The domain of our data was messages that would be sent by companies to their subscribers. For simplicity, let’s say each row in my table was a message_template that contained a company_id, message_name, and message_text. After setting up the new command, I got the aforementioned feedback: in some cases, the message_text in the DB wasn’t fully reflecting what had been put into the command. Commands looked like this:

create template for company_id 3 title my new template text here is a template with text

But my result would look like this:

text isn’t reflecting a value!

The issue is that the text should say “here is a template with text” but it’s totally blank. So how does this logic actually work?

Parsing the Command

This integration was very cleverly built on a parsing algorithm that takes a string (the “command”), breaks it up, identifies key words, and then passes the values as arguments into command-specific methods. Here’s the first time that happens:

def handle_command(command):
args = command.split()
module_params = module.params.copy()
command_dict = {
"param_dict": module_params
}
command = parse_command(args, command_dict)

As usual, this is way simpler than what’s actually in our codebase, but it provides some context. The first thing we’ll notice is that we use the split method, which breaks up our command string into a list of elements:

args = ["create", "template", "for", "company_id", "3", "title", "my", "new", "template", "text", "here", "is", "a", "template", "with", "text"]

Next, we take something called module.params, make a copy, and put it into a command dictionary (command_dict). This slackbot has a lot of different functionality, so tasks are grouped into “modules” depending on what table they’re editing or what team they’re used by. The correct module is also identified by a keyword, but we’ll ignore that in this simple example and just go straight to the params defined in the module I wrote:

params = {
"company_id": None,
"title": None,
"text": None,
"template_id": None,
}

Things are starting to come together. We’ve got a list of words as args and we’ve got a separate dictionary where some of the keys match words we see in the list. As you’ve probably guessed, these params are used to distinguish the difference between a column name and its content.

Finally, we pass our two new variables to a new function: parse_command.

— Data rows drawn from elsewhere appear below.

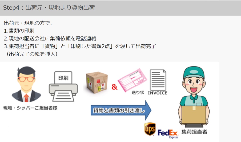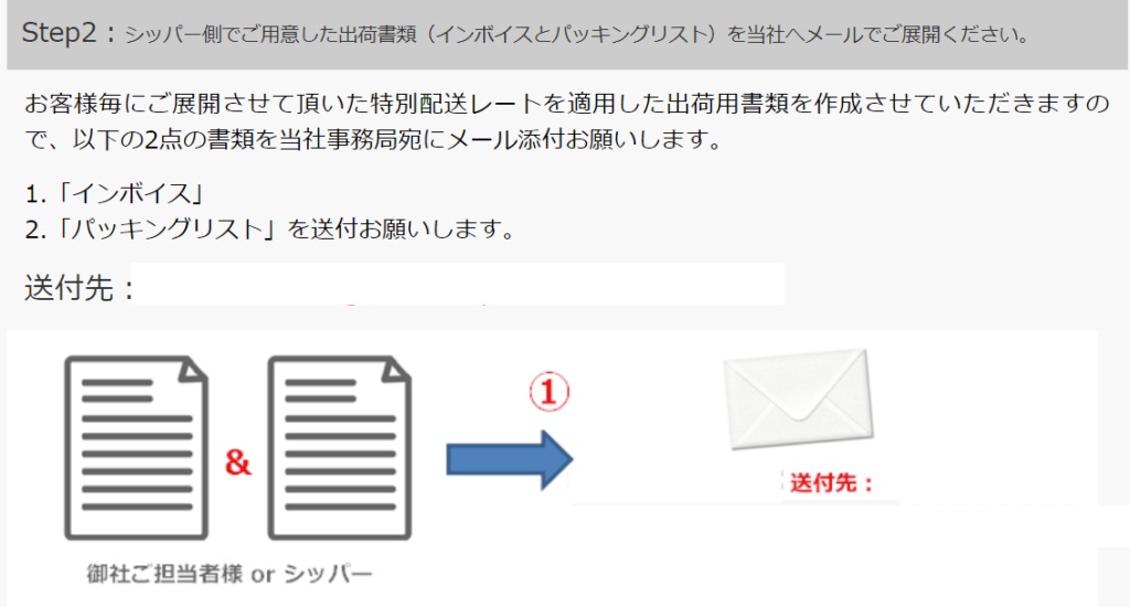 当社より、出荷に必要な書類2点(送り状とインボイス)を御社ご担当者様(またはシッパー)に メール送付します。
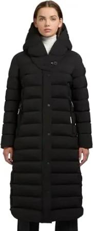 Damen Mantel lange warme Steppjacke mit abnehmbarer Kapuze und magnetischer Abdeckleiste Haya Matt-YM Black Gr. XL
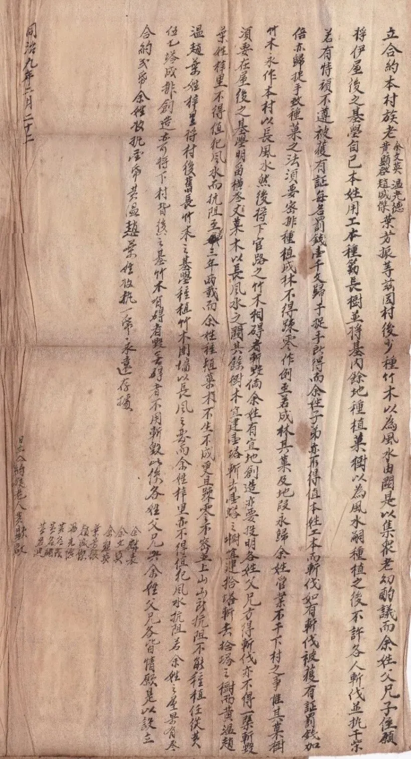 同治9年,古井镇石冲苑(石苑村)族老余文英、余麟表、余垦英、温光德、黄显启、黄名茂、黄名绪、黄名迪、赵盛杰、叶芳振5姓10人(石苑有:李、黄、余、赵、叶、温、梁、苏、刘共9姓),就村后“风水林”保护召集村民集议后,立下村规乡约:划定风水林林地范围自村落民屋后环山沟至莲花山山坡地,部分林地是余姓父兄子侄自愿献出;林地种簕竹、种大树及果木,永作本村风水林。风水林工本费由余姓人自种自付,竹木、果树永归余姓人所有。风水林不许自行砍伐,不许执拾干柴。如有村民、或余姓人违反村规,罚钱一千文归捉手。
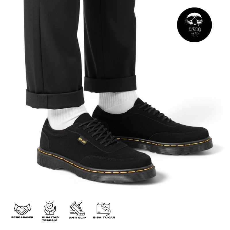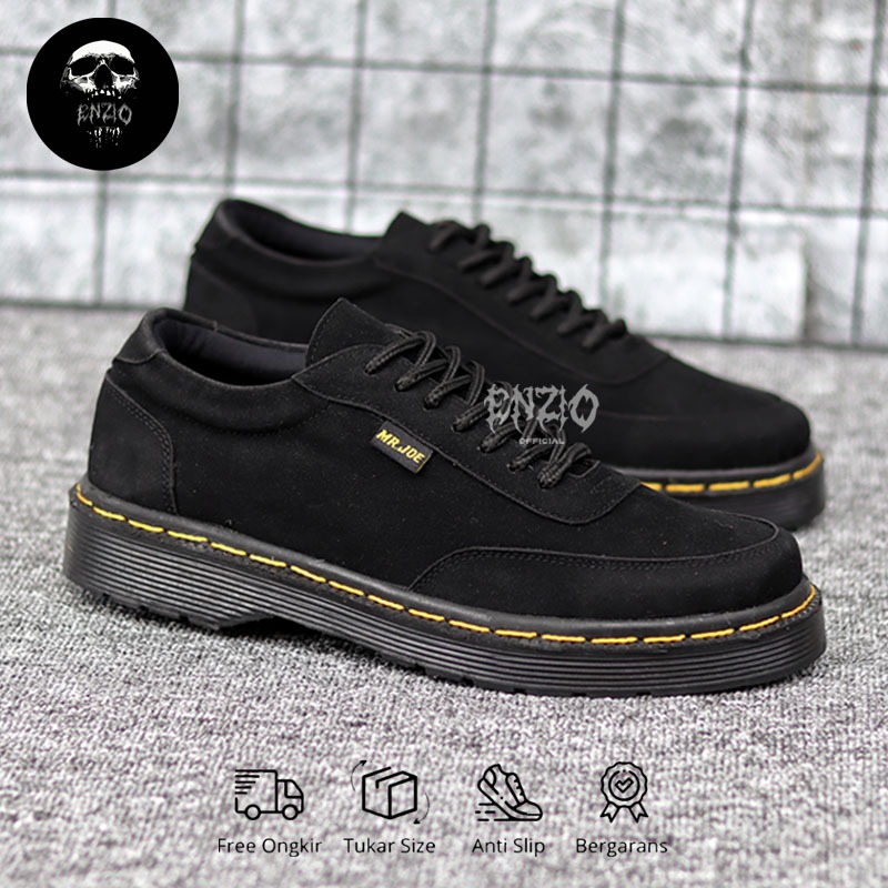 Enzio - Sepatu Oxford Pria Docmart Formal Casual Suede Kerja Pria Hitam
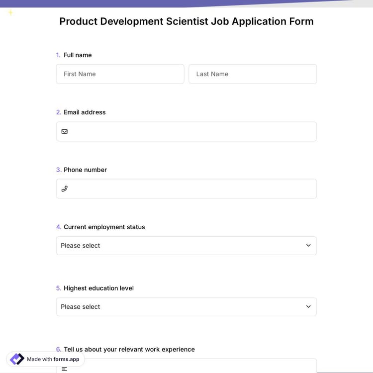 View this product development scientist job application form and click on "use template" after making sure this is what you are looking for.
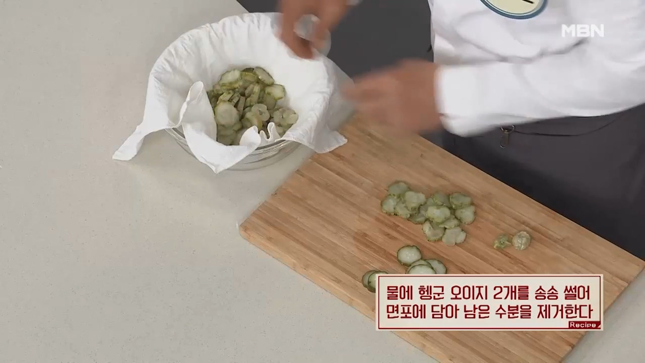 1. 물에 헹군 오이지 2개를 송송 썰어 면포에 담아 남은 수분을 제거합니다.
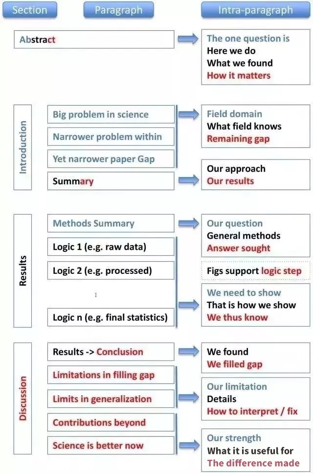 講故事的方法多種多樣,C-C-C 結(jié)構(gòu)作為其中一種,更適用于有耐心、決定花時間理解文章的讀者,但這種結(jié)構(gòu)對沒有耐心的讀者并不友善。好在當(dāng)代科學(xué)文章的結(jié)構(gòu)解決了這樣的問題,標(biāo)題與摘要使讀者可以快速了解文章內(nèi)容。因此,看完引言的讀者很可能會被吸引,并有著足夠的耐心繼續(xù)閱讀文章。而且,過于注重 “內(nèi)容優(yōu)先” 的科學(xué)論文還會產(chǎn)生另一個風(fēng)險:讀者在閱讀過程中會忽視一些段落,這些段落可能是鞏固文章可信度的重要部分,從而使他們質(zhì)疑你的文章。因此,我們建議將 C-C-C 結(jié)構(gòu)作為科學(xué)文獻(xiàn)的默認(rèn)結(jié)構(gòu)。

def parse_command(command, command_dict):
method = command[0]
verb_index = 1
while method not in module.methods and verb_index < len(command):
method += "_"
method += command[verb_index]
verb_index += 1
if method not in module.secured_actions:
return f"Bad command, {command[1]} is not a supported action."
command_dict["action"] = module.methods[method]
for param_index in range(verb_index, len(command)):
if command[param_index] in command_dict["param_dict"]:
curr_param = command[param_index]
param_index += 1
value = ""
while (
param_index < len(command)
and command[param_index] not in command_dict["param_dict"]
and command[param_index] not in PREPOSITIONS
):
value += command[param_index] + " "
param_index += 1
command_dict["param_dict"][curr_param] = value.strip()
return command_dict

There are two things going on here. First, we have to figure out which of our module’s methods we’re using. Each module corresponds to a group of DB commands, so when a user references that module, they’re expected to identify their desired functionality. In our example, that method is create_template. The methods can be listed out by calling module.methods, so we can write a while loop to walk through those and check if our command list contains one.

Before our loop, we define method as the very first element in our command list: “create”. As I mentioned, the method is called create_template, so this doesn’t match the name of any existing methods. That activates the loop, which also runs on the condition that verb_index, a variable we set as 1, is not greater than the number of elements in the command list (16). Once inside the loop, we append an underscore to our method string and then append command[verb_index]. verb_index is set to 1, so we’re adding the 1th element in our list: “template”. Before completing our first run through the loop, we increment verb_index so that the loop will actually progress through our list and not run forever.

We’ve now changed the value of module to be “create” + “_” + “template”, or create_template. This matches the name of one of my methods, so the loop ends. If the loop got all the way to the end of our command list without finding a match, we would have served an error saying that the command is not an existing method.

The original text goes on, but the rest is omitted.